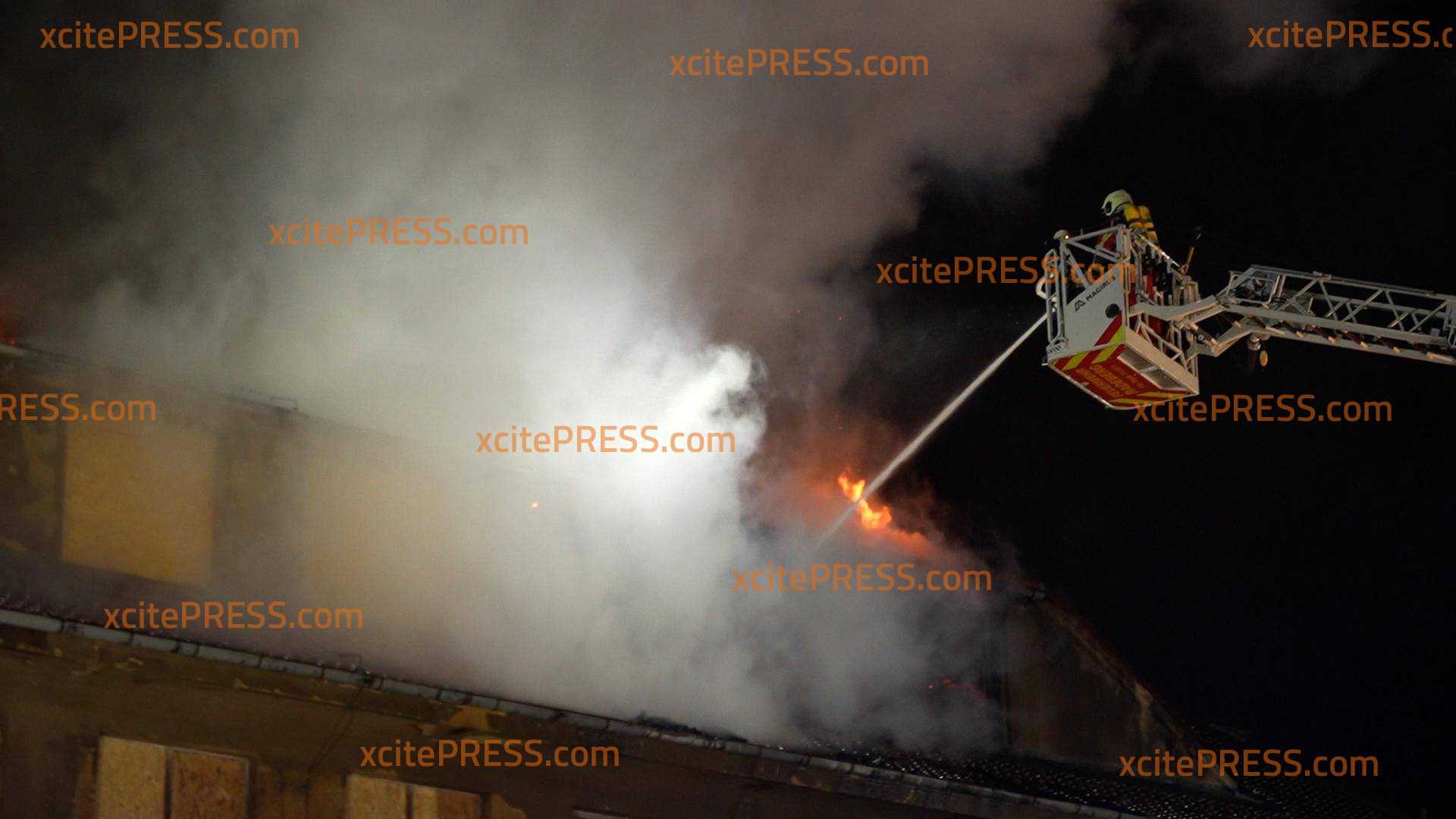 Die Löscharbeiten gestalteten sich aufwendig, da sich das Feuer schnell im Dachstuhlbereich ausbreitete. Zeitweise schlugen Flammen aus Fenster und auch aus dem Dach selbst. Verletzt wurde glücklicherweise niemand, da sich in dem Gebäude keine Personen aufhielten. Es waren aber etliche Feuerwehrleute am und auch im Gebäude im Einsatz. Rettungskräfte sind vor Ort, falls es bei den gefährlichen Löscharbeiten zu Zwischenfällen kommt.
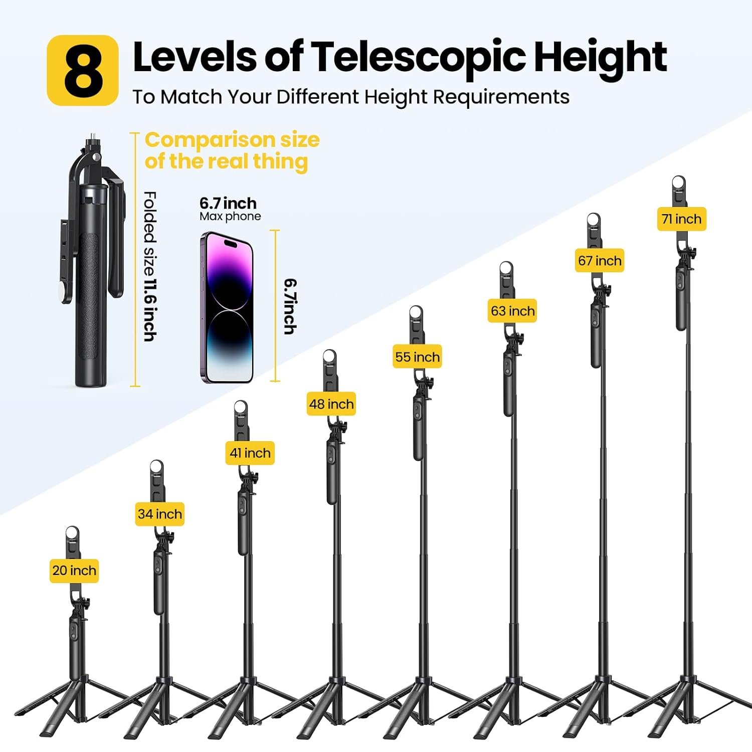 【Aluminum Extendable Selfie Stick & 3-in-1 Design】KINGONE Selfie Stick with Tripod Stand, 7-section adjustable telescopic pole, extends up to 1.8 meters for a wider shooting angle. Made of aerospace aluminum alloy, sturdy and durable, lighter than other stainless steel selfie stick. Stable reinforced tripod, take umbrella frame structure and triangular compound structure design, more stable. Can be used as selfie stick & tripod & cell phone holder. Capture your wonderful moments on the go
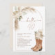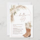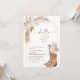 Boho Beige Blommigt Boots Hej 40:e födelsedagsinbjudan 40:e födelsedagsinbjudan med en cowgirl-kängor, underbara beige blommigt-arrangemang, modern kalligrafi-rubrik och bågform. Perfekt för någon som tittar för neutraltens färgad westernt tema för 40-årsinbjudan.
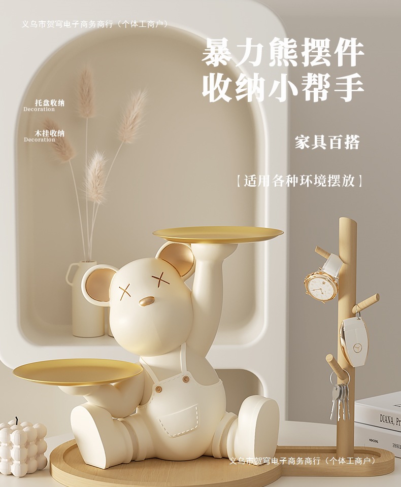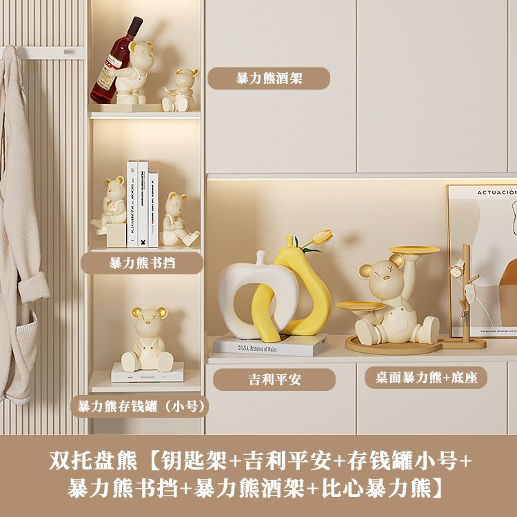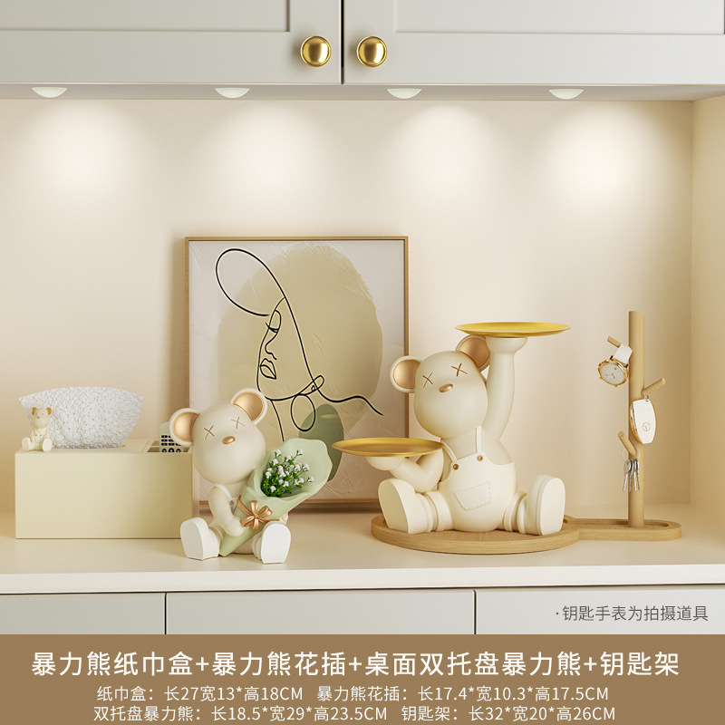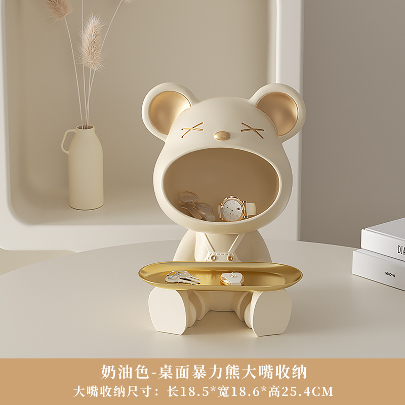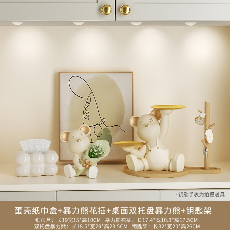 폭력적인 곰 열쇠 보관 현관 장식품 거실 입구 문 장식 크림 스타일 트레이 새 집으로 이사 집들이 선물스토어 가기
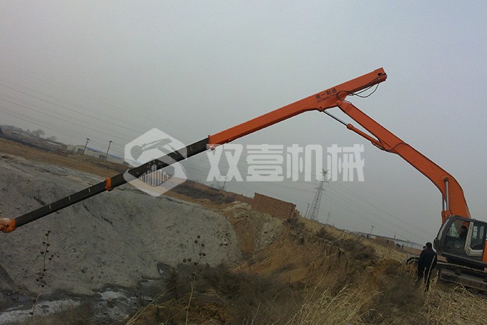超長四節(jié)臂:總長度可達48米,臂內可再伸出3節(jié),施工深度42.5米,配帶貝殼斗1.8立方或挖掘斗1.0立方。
--------
Task brief:
Reproduce nothing but the lines from the line containing "moments on the go" through the last line of the data above, exactly as written and without pictures.

Result of this exercise:
 【Aluminum Extendable Selfie Stick & 3-in-1 Design】KINGONE Selfie Stick with Tripod Stand, 7-section adjustable telescopic pole, extends up to 1.8 meters for a wider shooting angle. Made of aerospace aluminum alloy, sturdy and durable, lighter than other stainless steel selfie stick. Stable reinforced tripod, take umbrella frame structure and triangular compound structure design, more stable. Can be used as selfie stick & tripod & cell phone holder. Capture your wonderful moments on the go
 Boho Beige Blommigt Boots Hej 40:e födelsedagsinbjudan 40:e födelsedagsinbjudan med en cowgirl-kängor, underbara beige blommigt-arrangemang, modern kalligrafi-rubrik och bågform. Perfekt för någon som tittar för neutraltens färgad westernt tema för 40-årsinbjudan.
 폭력적인 곰 열쇠 보관 현관 장식품 거실 입구 문 장식 크림 스타일 트레이 새 집으로 이사 집들이 선물스토어 가기
超長四節(jié)臂:總長度可達48米,臂內可再伸出3節(jié),施工深度42.5米,配帶貝殼斗1.8立方或挖掘斗1.0立方。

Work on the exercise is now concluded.